How To Determine The Actual Profit of A Business Using Tax Returns

By February 21, 2019General Business

When it comes to evaluating a business for sale and determining a business’s true profit based off the evaluation of tax returns, there is sometimes confusion among buyers who are new to purchasing. First, a buyer must understand that the advantage of being self-employed and owning a business allows for considerable tax deductions to offset the business’s profit (EBITDA or Net Cashflow) thus lowering the owners tax bracket. It’s important to understand that these deductions do not affect the owner(s) true income (owner’s benefit), but rather it lowers the amount of taxes paid on the overall profits due to lowering the cash flow/net income. In other words, the final number you see on the tax returns is not a representation of the business’s true income.
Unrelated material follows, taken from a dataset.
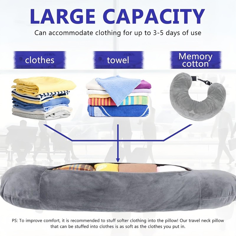 - 【Easy to Use & Maintain】: Simply unzip the travel neck pillow to add/remove filling (not included) to your preferred firmness. The removable cover is machine washable. Compact design fits in carry-ons when partially emptied.
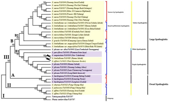 Meanwhile, subclade III-B (Large Yellow Spathoglottis group) is monophyletic, and the clade is fully supported by strong (BS) and (PP) values (BSML = 100%, BSMP = 100%, PPB = 1.0). The yellow-flower species within this clade is further divided into two subgroups based on their geographical distribution and geological history. The S. aurea clade is strongly-supported with BSML = 94%, BSMP = 100%, and PPB = 1.0. Spathoglottis aurea is then further grouped according to their pollination strategies; between the cleistogamous flower group (BSML = 93%, BSMP = 87%, PPB = 1.0) and the geitonogamous flower group (BSML = 90%, BSMP = 100%, PPB = 0.9). For the Bornean Spathoglottis clade (BSML = 75%, BSMP = 100%, PPB = 1.0), it is very obvious that S. gracilis and S. microchilina that possessed broad-plicate leaf were separated from the two narrow-grassy leaf infraspecies, S. kimballiana var. angustifolia and S. kimballiana var. kimballiana. In the MP tree, S. gracilis was observed to be genetically close to the narrow-lip S. microchilina (BSMP = 75%), but is sister to S. kimballiana var. kimballiana and S. kimballiana var. angustifolia in the ML and Bayesian tree (BSMP = 66%), PPB = 0.8).

Routes For Sale offers the following explanation when evaluating a business for sale or purchase:

Cash Flow After Taxes (CFAT): by definition, is a measure of financial performance that looks at the company’s ability to generate cash flow through its operations. It is calculated by deducting non-cash (intangible) charges such as amortization, depreciation, interest, restructuring costs and impairment to net income.  In many cases this can also include standard deductions such as meals and entertainment, gifts, personal cell phones, travel and more. In a lot of cases, these were expenses the owner would normally incur personally, but also structured and incorporated them into their day to day business operations so they could deduct them. Again, the final number you see on the tax returns is not a representation of the business’s true income.

Before Tax Cash Flow (EBITDA): EBITDA stands for earnings before interest, taxes, depreciation and amortization. This is the business’s true income or owner benefit. This is the amount of money generated after collection of all revenues and payment of all bills, but without taking the standard deductions for depreciation or other non-cash items and before calculation of income tax consequences. In this scenario, items such as amortization, depreciation, interest, meals and entertainment, gifts, personal cell phones, travel, and more should be added back to the bottom line. This is how most businesses are evaluated when determining an owner’s true income and determining a selling price when placed on the market for sale.

Disclaimer: The above is an opinion offered by Routes For Sale.  When considering a business purchase it is the prospective Buyer’s duty and obligation to verify the accuracy of the Seller’s representations and if necessary, retain attorneys, accountants, business appraisers, or other professionals.  As with any business a new owner can make more or less based on individual efforts.